**Given data:**
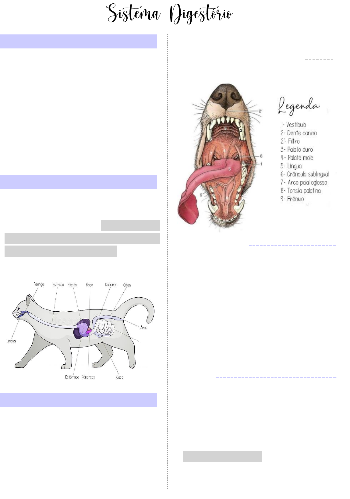 Como o nome já deixa claro, todas as funções realizadas pelo sistema digestório estão direta ou indiretamente ligadas à digestão de alimentos, podendo ser citadas como: apreensão dos alimentos; mastigação; ingestão; digestão e absorção; eliminação dos resíduos. O sistema digestório engloba todos os órgãos relacionados com a recepção até a eliminação de alimentos e líquidos, sendo eles: a boca, a faringe, o esôfago, o estômago, os intestinos delgado e grosso e as glândulas acessórias – glândulas salivares, pâncreas e fígado. Consiste no conjunto de: cavidade bocal, estruturas acessórias (dentes, língua e lábios) e as glândulas salivares; Suas principais funções são: a apreensão, a mastigação e a insalivação dos alimentos, podendo também desempenhar um papel na agressão e defesa do animal, além de servir como via aérea quando o fluxo pelo nariz está comprometido. Cavidade Oral - se inicia entre os lábios e segue até a faringe; - é dividida em vestíbulo, externamente, e em cavidade oral propriamente dita, centralmente; - o vestíbulo se encontra no espaço entre os dentes e os lábios, se estendendo caudalmente em direção à mandíbula e o músculo masseter; - suas proporções variam de acordo com os hábitos alimentares dos animais, sendo maiores em carnívoros e menores em herbívoros e roedores. Lábios - são responsáveis por selecionar o alimento que será ingerido; - são compostos por pele, uma camada intermediária de músculo, tendão e glândulas, e pela mucosa oral; - ovinos, caprinos e equinos possuem lábios macios e flexíveis, pois são usados para apreender o Funções Primárias: Órgãos Constituintes: Boca: @lilyfazvet @lilyfazvet alimento e levá-lo até a boca; - bovinos, suínos e felinos possuem lábios menos móveis e de menor tamanho, já que não são utilizados para selecionar o alimento do animal; - os cães possuem lábios longos e finos, que são de extrema importância para a comunicação da espécie, podendo sinalizar intenções agressiva ou submissa. Bochechas - tendem a ser mais amplas em animais herbívoros e tem uma estrutura similar aos lábios; - são responsáveis por retornar a cavidade central o alimento que tenha escapado do vestíbulo; - possuem uma mucosa suficientemente frouxa para permitir a abertura da boca do animal; - nos ruminantes, possuem um epitélio mais espesso e cornificado, por conta da alimentação mais seca e dura desses animais. Palato Duro - encontra-se na parte rostral do teto bocal sobre os processos palatinos dos ossos incisivos, maxilar e palatino; - geralmente é chato e coberto por uma mucosa espessa repleta de “rugas” que ajudam a guiar o alimento para trás; - em herbívoros possui um epitélio fortemente queratinizado. Língua - ocupa a maior parte da cavidade oral e se estende até a orofaringe; - sua raiz e seu corpo são fixos, porém seu ápice é livre e é capaz de realizar movimentos precisos que auxiliam na alimentação do animal; - a raiz se fixa ao osso hioide e o corpo à região da sínfise da mandíbula; - no cão a língua também é usada para facilitar a perda de calor corporal por meio de ofegos - as papilas são elevações do epitélio e são encontradas em uma enorme variedade, sendo elas: papilas filiformes: oferecem proteção adicional a língua; papilas cônicas duras: tornam a língua dos felinos eficientes para a higienização pessoal; papilas fungiformes, folhadas e valadas: possuem botões gustativos e são distribuídas de acordo com a espécie em questão. Fenda Palatina » é uma doença de origem congênita e pode afetar o palato duro ou o palato mole dos animais fazendo com que haja uma ligação da boca com a região nasal; » muitos animais que apresentam esta anomalia chegam a adoecer de pneumonia, devido ao alimento ir diretamente para seu pulmão. @lilyfazvet Músculos da Mastigação - os músculos que auxiliam no processo de mastigação são: músculo temporal; músculo masseter; pterigóide medial; pterigóide lateral. - todos esses músculos são inervados pelo nervo mandibular. Dentição - os mamíferos raramente excedem 44 dentes em sua dentição permanente, a qual é determinada de acordo com a espécie; - os dentes se desenvolvem em diferentes regiões da boca, buscando suprir a melhor maneira as necessidades fisiológicas dos animais – essa característica é conhecida com heterodontia; - alguns animais podem ser classificados como difiodontes, ou seja, animais que substituem sua dentição primária por uma mais forte e melhor adaptada a sua maxila e mandíbula; - pode-se acontecer casos em que a segunda dentição do animal nasça sem que a primeira tenha sido eliminada, o que pode causar problemas no processo mastigatório do animal; - eles são implantados em alvéolos dispostos ao longo das margens da maxila e mandíbula, que consiste num arranjo chamado de tecodonte; - uma particularidade da dentição dos ruminantes é a ausência dos dentes superiores, dando lugar a um coxin dental denso e queratinizado, chamado de almofada dentária. Glândulas Salivares - secretam a saliva, que mantem úmido o interior da boca, facilita a mastigação do alimento e lubrifica sua passagem; - podem produzir secreções mucosas (glândulas menores) ou secreções fluidas (glândulas maiores); Almofada Dentária @lilyfazvet ocorre entre a boca, a faringe e o esôfago e é dividido em três etapas, sendo elas: 1ª etapa: voluntária (mastigação); 2ª etapa: passagem do alimento pela faringe; 3ª etapa: passagem do alimento pelo esôfago por meio dos movimentos peristálticos. a faringe situa-se atrás da boca e segue continuamente até o esôfago; ela é dividida em duas partes pelo óstio intrafaríngeo: a nasofaringe e a orofaringe; Nasofaringe: - é a considerada parte da cavidade nasal, uma vez que, não participa do processo digestório e serve passivamente para condução do ar; - contém numerosas glândul
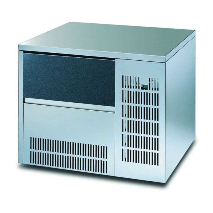A água mais pura forma gelo ao ser pulverizada em um evaporador horizontal enquanto a água rica em minerais retorna ao tanque interno e posteriormente é removida no final do ciclo de produção
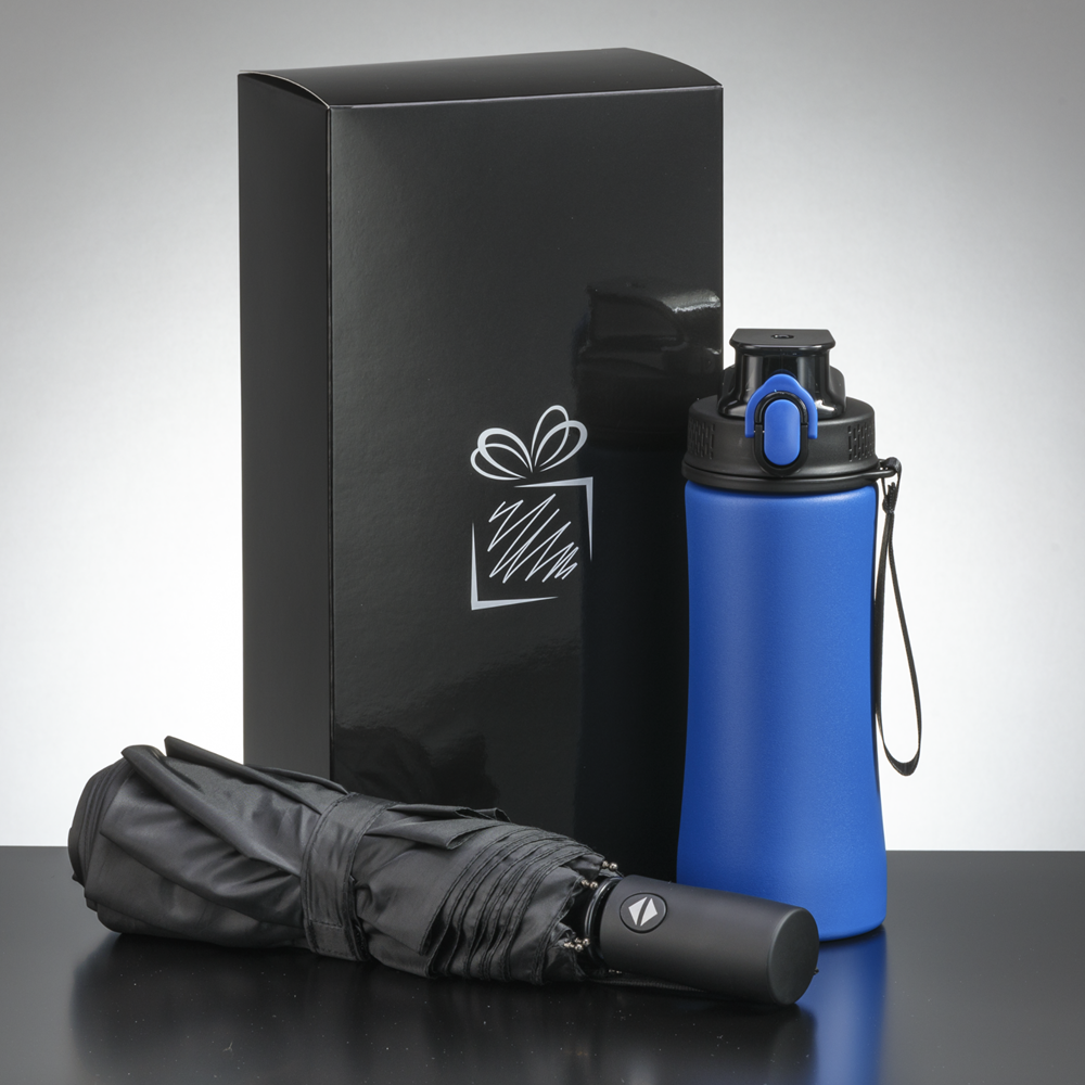 Ein praktisches Set, das im täglichen Gebrauch gut funktioniert, bestehend aus einer Stahlwasserflasche und einem automatischen Regenschirm aus der Primokollektion. Die Wasserflasche besteht sowohl an der Außen- als auch an der Innenschale aus robustem 18/8-Edelstahl in Lebensmittelqualität und gewährleistet so höchste Ansprüche an Qualität und Haltbarkeit. Dank seiner ergonomischen Form bietet das Produkt einen bequemen und sicheren Halt. Das innovative Design umfasst einen praktischen Ein-Klick-Öffnungsmechanismus für schnellen und einfachen Zugriff auf Ihr Getränk. Wenn Sie die Flasche nicht verwenden, können Sie den Verschluss verschließen, um ein Auslaufen des Inhalts zu verhindern. Der Faltschirm ist ein hochwertiges Produkt aus der Primo-Kollektion mit DAS (Double Automatic System – automatisches Schließen und Öffnen) und dem Anti-Wind-System. Der Schirm verfügt über einen soliden Metallrahmen, mit Glasfaser überzogene Rippen und einen mit PU überzogenen Griff. Der Regenschirm passt perfekt in eine Handtasche oder einen Rucksack. Das Produkt ist REACH-zertifiziert. Das Set ist in einer eleganten schwarzen Kartonverpackung verpackt.
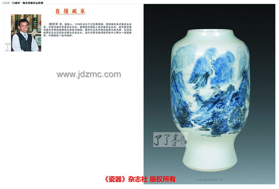 (了了亭 景德镇陶瓷艺术馆 资讯,本文刊载于《瓷器》杂志社 残联增刊)——胡民华爱好书画艺术,长于研修。在创作过程中善于汲取前人的经验和艺术精华,师古不泥,大胆创新。经过反复锤炼,逐步形成自己独特的艺术风格。主张“艺术源于生活”,擅长观察思考、提炼、升华,从平凡的生活中挖掘素材,并获取创作灵感,创作出大量为人称道的优秀作品,取得了很高的艺术成就。他的作品青花瓷瓶《梦想春兰》可谓是抽象性的山水画,其作品雍容大器,古朴隽永,气势磅礴,意蕴悠长,颇受大众及国际友人的喜爱和青睐,具备较高的艺术品位。
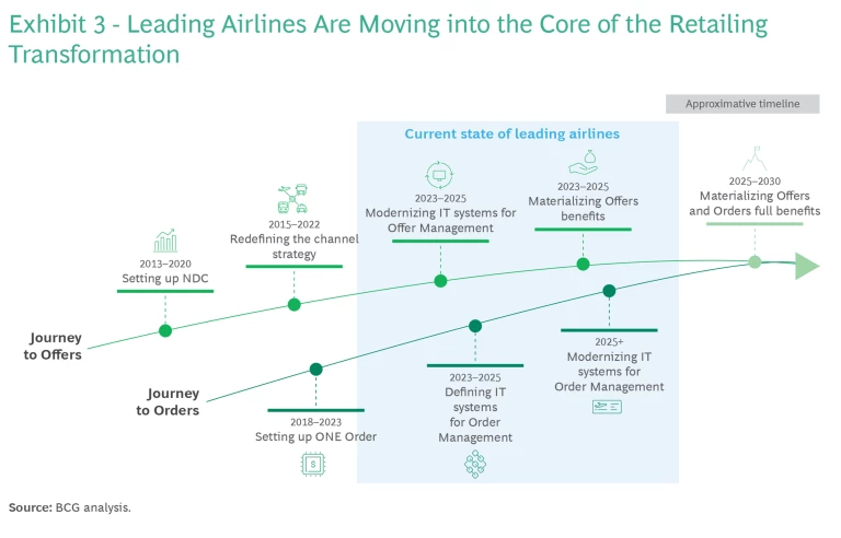 Yet, even the most aware players need more information to fully understand the transformation’s size, impact, complexity, and technical implications. Some think their processes won’t change much because they already use APIs and other modern technologies, or because they already integrate with low-cost carriers leveraging their ticketless technology. But intricate airline commercial processes are deeply rooted in legacy practices. Switching to retailing is unlikely to be “plug-and-play” for any player.
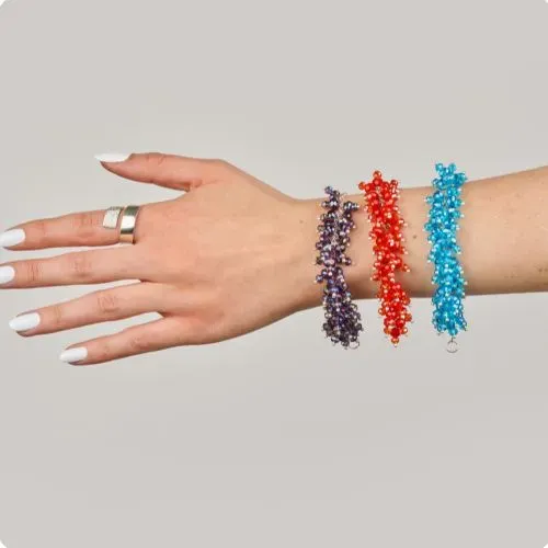 Estas pulseras de cristales de colores son el complemento perfecto para darle un toque de elegancia y estilo a tu look. Hechas a mano con materiales de alta calidad, cada pulsera es única y vibrante, ideal para agregar un toque de color a tu outfit diario.
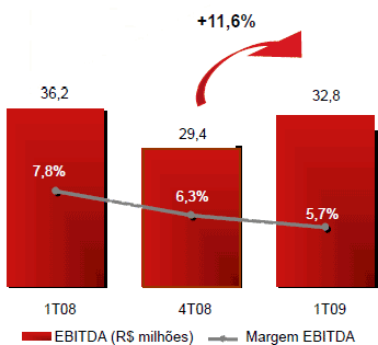 O EBITDA aumentou 11,6% em relação ao 4º trimestre/08, num total de R$ 32,8 milhões, com contração de 0,6 p.p. na margem, devido ao realinhamento dos preços com a crise global e custos inicialmente maiores com a nova planta da Minerva Dawn Farms. Após janeiro e fevereiro ainda impactados pela crise internacional, a margem em março já se recuperou para níveis históricos, continuando em abril, reflexo de recente racionalização da indústria e recuperação das exportações.
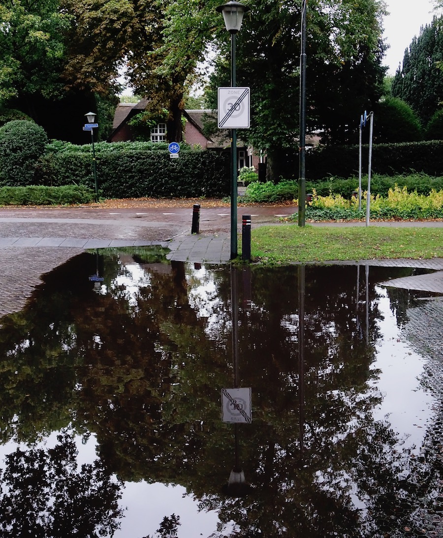 Statief – 5 sec. – + 5 comp. – ISO 640 – F1.4.Achterom – veelgebruikte aanrijroute voor de AH-parkeerplaats. Die is wel te bereiken via de Langeweg en de Burgemeester Heerschopweg.
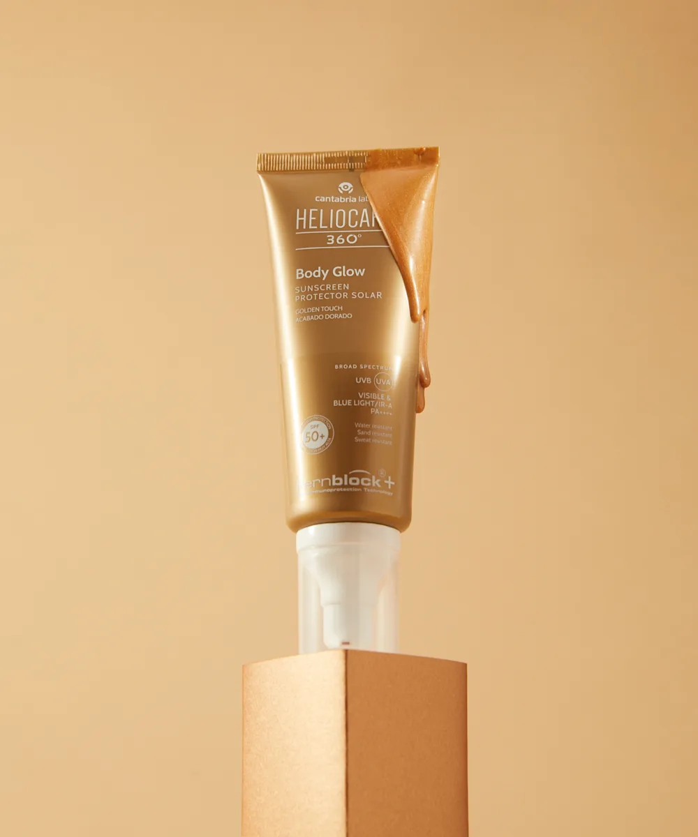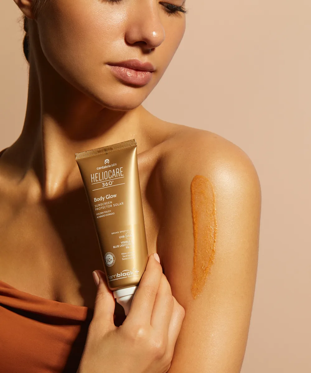Strahle und schütze deine Haut vor der Sonne mit dem Heliocare 360° Body Glow mit LSF 50+. Dieses Sonnenschutzmittel besteht aus einer Kombination von LSF 50 und PA++++ mit der einzigartigen Fernblock+®-Antioxidationstechnologie. Es bietet einen hohen UVA- und UVB-Breitspektrumschutz und verhindert und repariert dadurch gleichzeitig Schäden, die durch Tageslicht (einschließlich UVA, UVB, sichtbares Licht und Infrarot-A) und freie Umweltradikale entstehen. Diese wasser-, schweiß- und sandbeständige Formel hat eine ölähnliche Geltextur und zieht leicht in die Haut ein, ohne fettige Rückstände zu hinterlassen. Dank einer Mischung aus feuchtigkeitsspendenden Wirkstoffen und schimmernden Pigmenten ist dieses sensationell duftende Sonnenschutzmittel das Geheimrezept für eine gesunde, mit Feuchtigkeit versorgte und strahlende Haut mit einem goldfarbenen Schimmer.

**Work to be completed:** Work from the entries above. Set down exactly and only the lines from the line with "A água mais" to the line with "Ein praktisches Set, das", both included, and leave the pictures out.

**Completed task:**
A água mais pura forma gelo ao ser pulverizada em um evaporador horizontal enquanto a água rica em minerais retorna ao tanque interno e posteriormente é removida no final do ciclo de produção
 Ein praktisches Set, das im täglichen Gebrauch gut funktioniert, bestehend aus einer Stahlwasserflasche und einem automatischen Regenschirm aus der Primokollektion. Die Wasserflasche besteht sowohl an der Außen- als auch an der Innenschale aus robustem 18/8-Edelstahl in Lebensmittelqualität und gewährleistet so höchste Ansprüche an Qualität und Haltbarkeit. Dank seiner ergonomischen Form bietet das Produkt einen bequemen und sicheren Halt. Das innovative Design umfasst einen praktischen Ein-Klick-Öffnungsmechanismus für schnellen und einfachen Zugriff auf Ihr Getränk. Wenn Sie die Flasche nicht verwenden, können Sie den Verschluss verschließen, um ein Auslaufen des Inhalts zu verhindern. Der Faltschirm ist ein hochwertiges Produkt aus der Primo-Kollektion mit DAS (Double Automatic System – automatisches Schließen und Öffnen) und dem Anti-Wind-System. Der Schirm verfügt über einen soliden Metallrahmen, mit Glasfaser überzogene Rippen und einen mit PU überzogenen Griff. Der Regenschirm passt perfekt in eine Handtasche oder einen Rucksack. Das Produkt ist REACH-zertifiziert. Das Set ist in einer eleganten schwarzen Kartonverpackung verpackt.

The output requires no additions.